━━ Data to process ━━

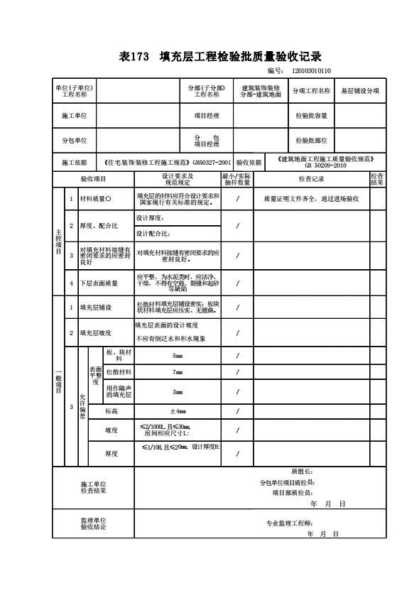 表格名称:120103010110 填充层工程检验批质量验收记录
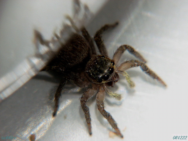ただ最後の食事の方法がどのようなものだったのか、実に想像力を掻き立てられます。残された状況からは、コップの底にあった薄い繭のような巣、これによってミルワームは絡め取られているようにしか思えません。ミルワームがコップの底を這いずり回れば、ハエトリグモが底につくった巣と干渉したことは確かでしょう。しかし獲物がグルグル巻きにされて吊るされたというのでは他の蜘蛛の仕業と同じではないですか。ハエトリグモがそんな獲物の捕り方をするというのは聞いたことがありません。観察していた訳ではないので断定はできませんが、再度調べてみる必要があるでしょう。
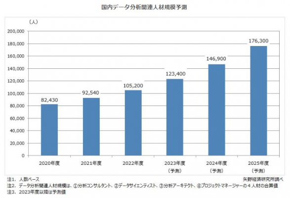 【矢野経済研究所プレスリリース】データ分析関連人材規模に関する調査を実施(2023年) 2023年度の国内データ分析関連人材規模を123,400人と予測、2025年度には176,300人に達する見通し
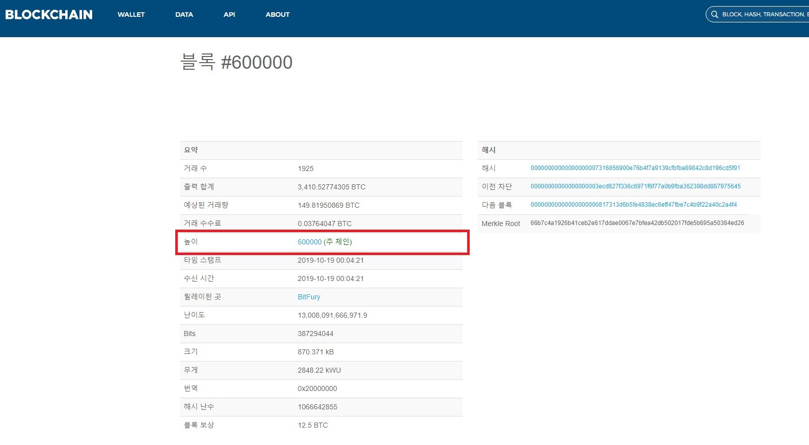 즉, 블록 고도가 60만에 달했다는 말은 현재 비트코인의 600,000번째 블록이 생성되었다는 말과 같습니다.
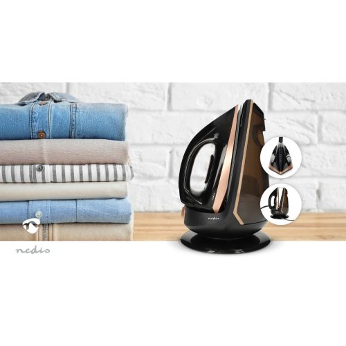 Parní generátor Nedis se zahřeje během 20 sekund, žehlení tedy začíná okamžitě. Kontinuální výstup páry 30–40 g/min a tlak 5–7 barů umožňují efektivně vyhlazovat i odolné záhyby. Keramická plocha zajišťuje rovnoměrné rozložení tepla a dlouhou životnost.
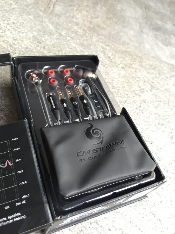De oortelefoon ziet er prachtig uit. De kleuren van het merk, zwart en rood, komen op veel onderdelen terug in het ontwerp van de oortelefoon. Niet alleen de kleuren representeren Cooler Master, op de achterkant van de oordopjes siert het logo wit op metallic rood. Alsof dat niet glossy was, zijn de uiteinden van de 3,5mm jack-kabels bedekt met een gouden kleur. Zelfs de uiteinden van de vliegtuigadapter zijn goudkleurig.
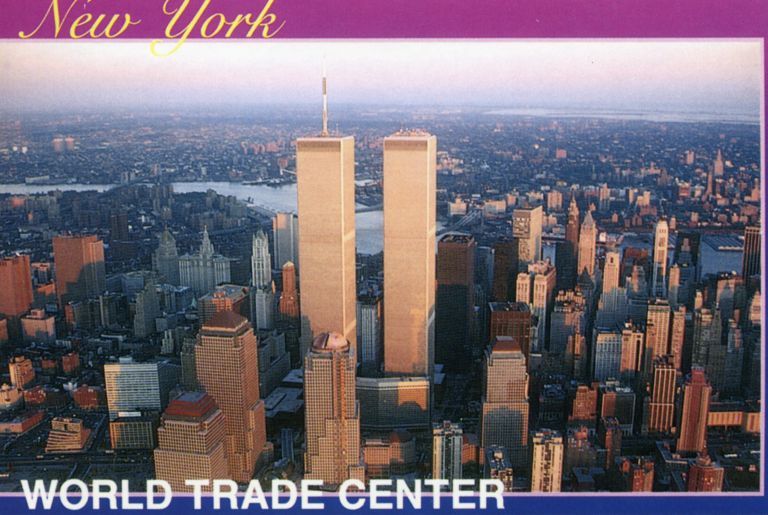 “Trung tâm Thương mại Thế giới (tiếng Anh: World Trade Center, viết tắt WTC; cũng được gọi Tòa tháp đôi), là tên gọi chung của khối bảy tòa nhà trước đây nằm gần cực nam Manhattan, thành phố New York. Trung tâm nổi bật với hai tòa tháp đôi 110 tầng, được kiến trúc sư người Mỹ gốc Nhật Minoru Yamasaki thiết kế và mua lại bởi Larry Silverstein. Khởi công từ 1966 và khánh thành vào 4 tháng 4 năm 1973, nó vượt qua chiều cao của tòa Empire State lịch sử, trở thành tòa nhà cao nhất thế giới chỉ trong một năm, trước khi tòa tháp Sears ở Chicago hoàn tất. Đã từng bị đánh bom vào tháng 2 năm 1993, nhưng nó vẫn đứng vững kiên cố. Tuy vậy nó đã không tránh khỏi sụp đổ gây ra bởi hai chiếc phi cơ Boeing đâm vào, trong những sự kiện ngày 11 tháng 9 năm 2001.”

━━━

Word for word, repeat each line of the records, and leave every image out.

 表格名称:120103010110 填充层工程检验批质量验收记录
ただ最後の食事の方法がどのようなものだったのか、実に想像力を掻き立てられます。残された状況からは、コップの底にあった薄い繭のような巣、これによってミルワームは絡め取られているようにしか思えません。ミルワームがコップの底を這いずり回れば、ハエトリグモが底につくった巣と干渉したことは確かでしょう。しかし獲物がグルグル巻きにされて吊るされたというのでは他の蜘蛛の仕業と同じではないですか。ハエトリグモがそんな獲物の捕り方をするというのは聞いたことがありません。観察していた訳ではないので断定はできませんが、再度調べてみる必要があるでしょう。
 【矢野経済研究所プレスリリース】データ分析関連人材規模に関する調査を実施(2023年) 2023年度の国内データ分析関連人材規模を123,400人と予測、2025年度には176,300人に達する見通し
 즉, 블록 고도가 60만에 달했다는 말은 현재 비트코인의 600,000번째 블록이 생성되었다는 말과 같습니다.
 Parní generátor Nedis se zahřeje během 20 sekund, žehlení tedy začíná okamžitě. Kontinuální výstup páry 30–40 g/min a tlak 5–7 barů umožňují efektivně vyhlazovat i odolné záhyby. Keramická plocha zajišťuje rovnoměrné rozložení tepla a dlouhou životnost.
De oortelefoon ziet er prachtig uit. De kleuren van het merk, zwart en rood, komen op veel onderdelen terug in het ontwerp van de oortelefoon. Niet alleen de kleuren representeren Cooler Master, op de achterkant van de oordopjes siert het logo wit op metallic rood. Alsof dat niet glossy was, zijn de uiteinden van de 3,5mm jack-kabels bedekt met een gouden kleur. Zelfs de uiteinden van de vliegtuigadapter zijn goudkleurig.
 “Trung tâm Thương mại Thế giới (tiếng Anh: World Trade Center, viết tắt WTC; cũng được gọi Tòa tháp đôi), là tên gọi chung của khối bảy tòa nhà trước đây nằm gần cực nam Manhattan, thành phố New York. Trung tâm nổi bật với hai tòa tháp đôi 110 tầng, được kiến trúc sư người Mỹ gốc Nhật Minoru Yamasaki thiết kế và mua lại bởi Larry Silverstein. Khởi công từ 1966 và khánh thành vào 4 tháng 4 năm 1973, nó vượt qua chiều cao của tòa Empire State lịch sử, trở thành tòa nhà cao nhất thế giới chỉ trong một năm, trước khi tòa tháp Sears ở Chicago hoàn tất. Đã từng bị đánh bom vào tháng 2 năm 1993, nhưng nó vẫn đứng vững kiên cố. Tuy vậy nó đã không tránh khỏi sụp đổ gây ra bởi hai chiếc phi cơ Boeing đâm vào, trong những sự kiện ngày 11 tháng 9 năm 2001.”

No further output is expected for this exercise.